Нет, понятно, что большинство сотрудников только пальцем у виска повертят, мол, вон чего наше дитятко еще отчебучило, ибо ничего серьезного в этом задержании нет, оружия на руках у народа и по Саратову, и по стране в целом сейчас столько, что в армии, наверное, меньше. Но он хоть сам себя не пойми кем перестанет ощущать.

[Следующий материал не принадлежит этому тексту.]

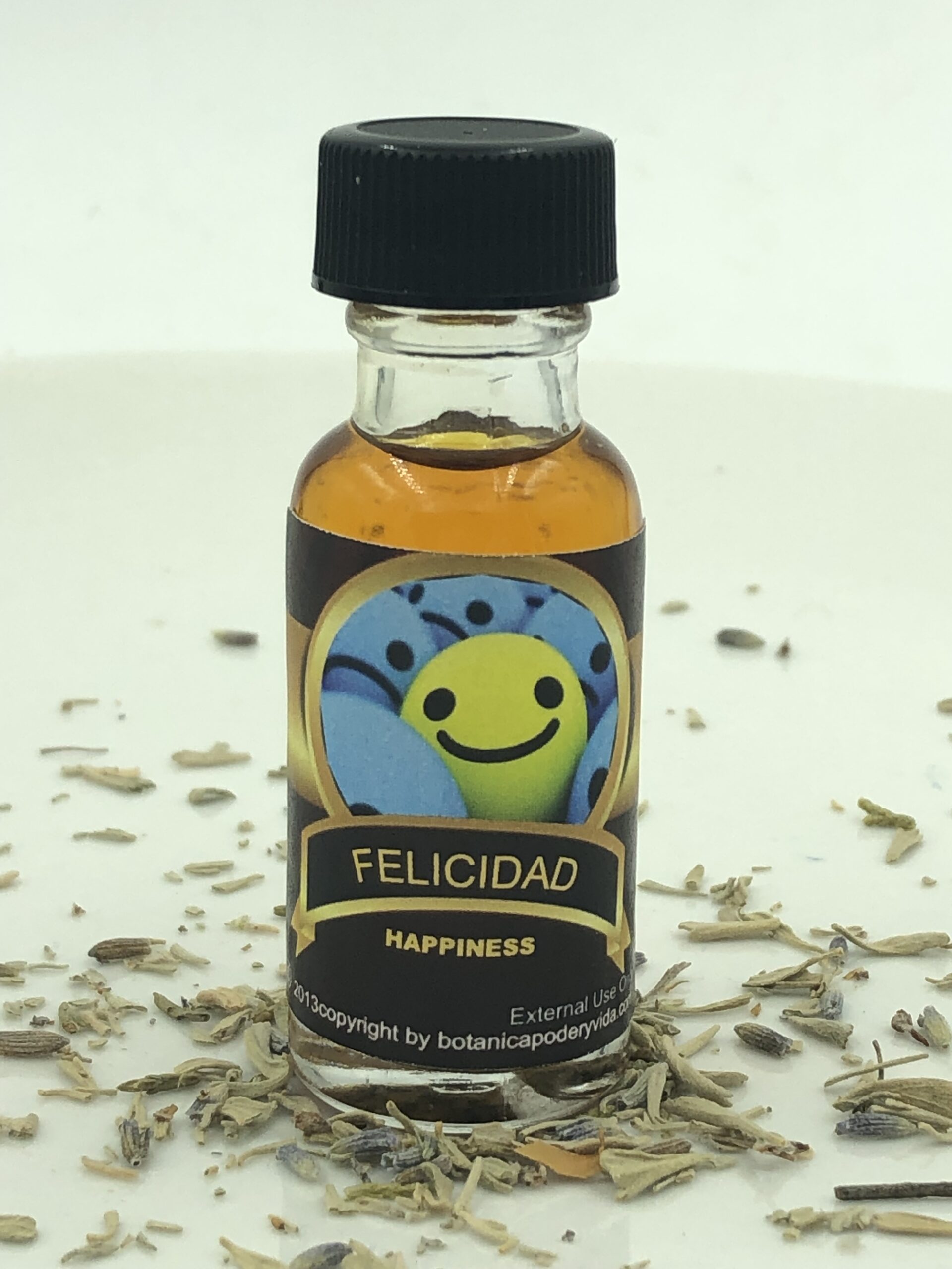 El aceite espiritual Felicidad puede ser usado para ayudarte a conseguir esa alegría que has perdido por problemas personales y ayudarte a resolver los problemas con más positivismo. Usarlo externamente en el cuerpo, también puede ser usado para preparar velas. El color puede ser diferente al de la imagen.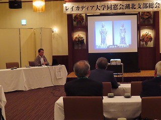 本年度の定期総会は、昨年度に続き会員出席による定期総会・研修会・懇親会が行われました。 総会・記念講演には26名、懇親会には19名の参加者で賑わいました。サポートの会より学生募集の依頼があり、 その後総会が行われました。レイカディア賛歌斉唱の後、議事が粛々と進行され、全ての議事内容が承認されました。 記念講演では元高月観音の里歴史民俗資料館学芸員の佐々木悦也様に「湖北の観音さま~その信仰と文化~」 という演題で1時間の講演をしていただきました。パワーポイントで多くの観音さまを詳しく説明していただき、 湖北の観音信仰の歴史や文化を深く理解することが出来ました。最後に、井上靖の「星と祭」の一節も紹介していた だきました。湖北の観音さまの事を改めて知り、再び読んでみようと思われた方も多かったのではないでしょうか。 その後行われた懇親会は、会員同士の和気藹々とした交流の場となりました。非常に楽しい2時間でした。 本年度も湖北支部として様々な事業が計画されています。多くの会員の皆さんが参加されることを期待しています。 |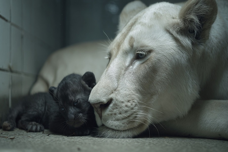 漆黒の仔が生まれた直後、エミリーは園内の空気が一変したのを感じました。直接声が届かないはずの遠くの檻からも、動物たちが低く唸る声や、落ち着きなく歩き回る気配が消え、不自然なほどの静寂が広がったのです。嵐の音だけが響く中、母ライオンは戸惑うように漆黒の仔を鼻先で転がし、ようやく愛おしそうに舐め始めました。その光景は神聖であると同時に、どこか異様な緊張感に満ちていました。なぜこの一頭の誕生に、パーク全体がこれほどまでに息を潜めたのでしょうか。

А то ведь вечерами, перед сном, в голову разные нехорошие мысли начали приходить. Сначала думалось о том, что он, возможно, себя переценил и это все не его, а после возникали фантазии, в которых фигурировал прилавок, заваленный кожаными кепи на пару с барсетками, и толстая пачка денег, которая гипотетически была бы заработана на Крытом в разы быстрее, чем в ОВД.

Нестеров к тому времени, когда Олег вынырнул из своих мыслей, уже перестал предаваться воспоминаниям, допил чай и задремал. Он слегка похрапывал, а лицо его то и дело озаряла безмятежная, почти детская улыбка. Наверное, Сан Санычу снилось, как он вышел на пенсию, пошел на рыбалку и взял на майского жука двух-, а то и трехкилограммового язя.

— Придется все делать самому, — подвел результат измышлений Ровнин, засунул в сейф дело о краже канцелярских принадлежностей, месяц как совершенной из магазина, что находился на улице Маяковского, прихватил рапорт, написанный еще с утра, и направился к руководству.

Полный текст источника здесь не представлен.